• **EXERCISE DETAILS**: Repeat the listing word for word, but skip any pictures.

══ GIVEN MATERIAL ══

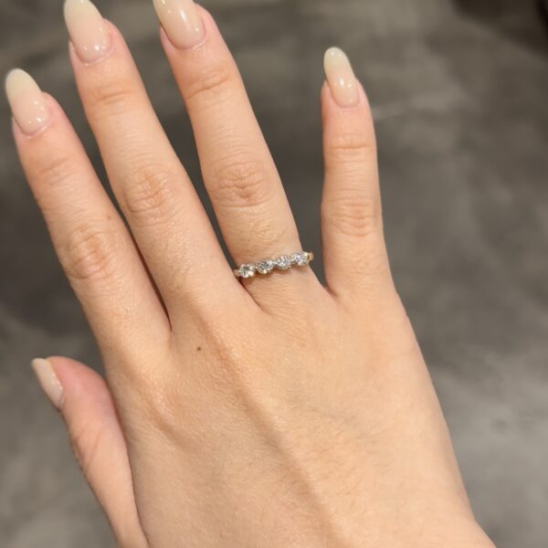 Sofia Ring is an eternity ring consisting of round diamonds with gaps in between. It is suitable for stacking or to be worn by itself.
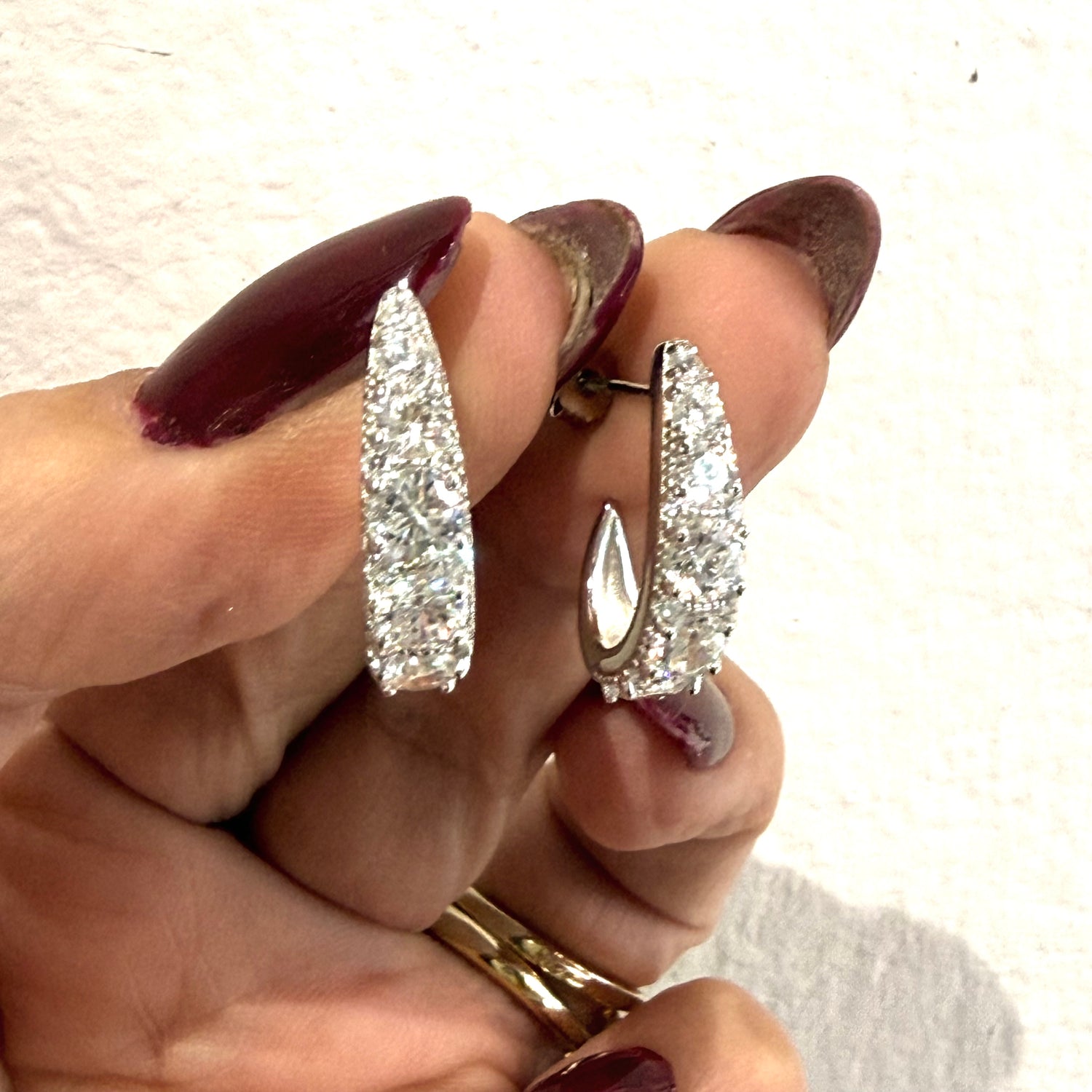 Coppia di Orecchini con chiusura a perno e farfallina posizionata appena sotto all’estremità, orecchini ad uncino, zirconi paurosamente luminosi
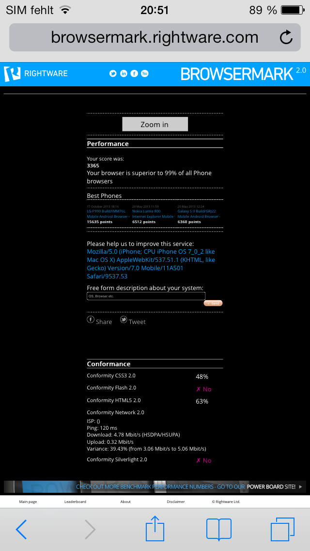 Im 3DMark Benchmark ergeben sich im Ice Storm keine zählbaren Werte (Maxed out!). Im Ice Storm Extreme ergibt sich ein Top-Ergebnis, da aber Teilwertungen auch nicht zählbar gewertet wurden, gilt auch dieser als "Maxed out!". Der Unlimited Test zeigt eine sehr gute Performance, die nicht weit hinter dem Sony Xperia Z1 liegt. Beim Graphics Score kommt das iPhone 5s sogar auf Augenhöhe heran.
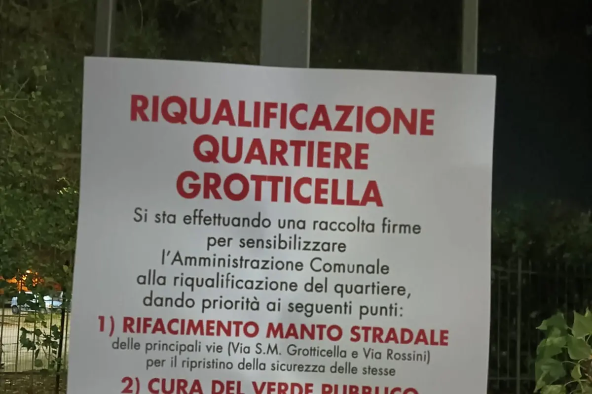 «Si sta effettuando una raccolta firme – si legge sul cartello apparso nelle scorse ore nella zona della Grotticella – per sensibilizzare l’amministrazione comunale alla riqualificazione del quartiere dando priorità ai seguenti punti: 1) rifacimento del manto stradale delle principali vie (via S.M. Grotticella e via Rossini) per il ripristino della sicurezza delle stesse; 2) Cura del verde pubblico. Residenti e lavoratori del quartiere potranno apporre la loro firma sulle schede che troveranno presso le attività commerciali in via S.M. della Grotticella e via Rossini. Le schede firmate saranno fatte pervenire alla sindaca di Viterbo».

═══

• **REPLY**:
 Sofia Ring is an eternity ring consisting of round diamonds with gaps in between. It is suitable for stacking or to be worn by itself.
 Coppia di Orecchini con chiusura a perno e farfallina posizionata appena sotto all’estremità, orecchini ad uncino, zirconi paurosamente luminosi
 Im 3DMark Benchmark ergeben sich im Ice Storm keine zählbaren Werte (Maxed out!). Im Ice Storm Extreme ergibt sich ein Top-Ergebnis, da aber Teilwertungen auch nicht zählbar gewertet wurden, gilt auch dieser als "Maxed out!". Der Unlimited Test zeigt eine sehr gute Performance, die nicht weit hinter dem Sony Xperia Z1 liegt. Beim Graphics Score kommt das iPhone 5s sogar auf Augenhöhe heran.
 «Si sta effettuando una raccolta firme – si legge sul cartello apparso nelle scorse ore nella zona della Grotticella – per sensibilizzare l’amministrazione comunale alla riqualificazione del quartiere dando priorità ai seguenti punti: 1) rifacimento del manto stradale delle principali vie (via S.M. Grotticella e via Rossini) per il ripristino della sicurezza delle stesse; 2) Cura del verde pubblico. Residenti e lavoratori del quartiere potranno apporre la loro firma sulle schede che troveranno presso le attività commerciali in via S.M. della Grotticella e via Rossini. Le schede firmate saranno fatte pervenire alla sindaca di Viterbo».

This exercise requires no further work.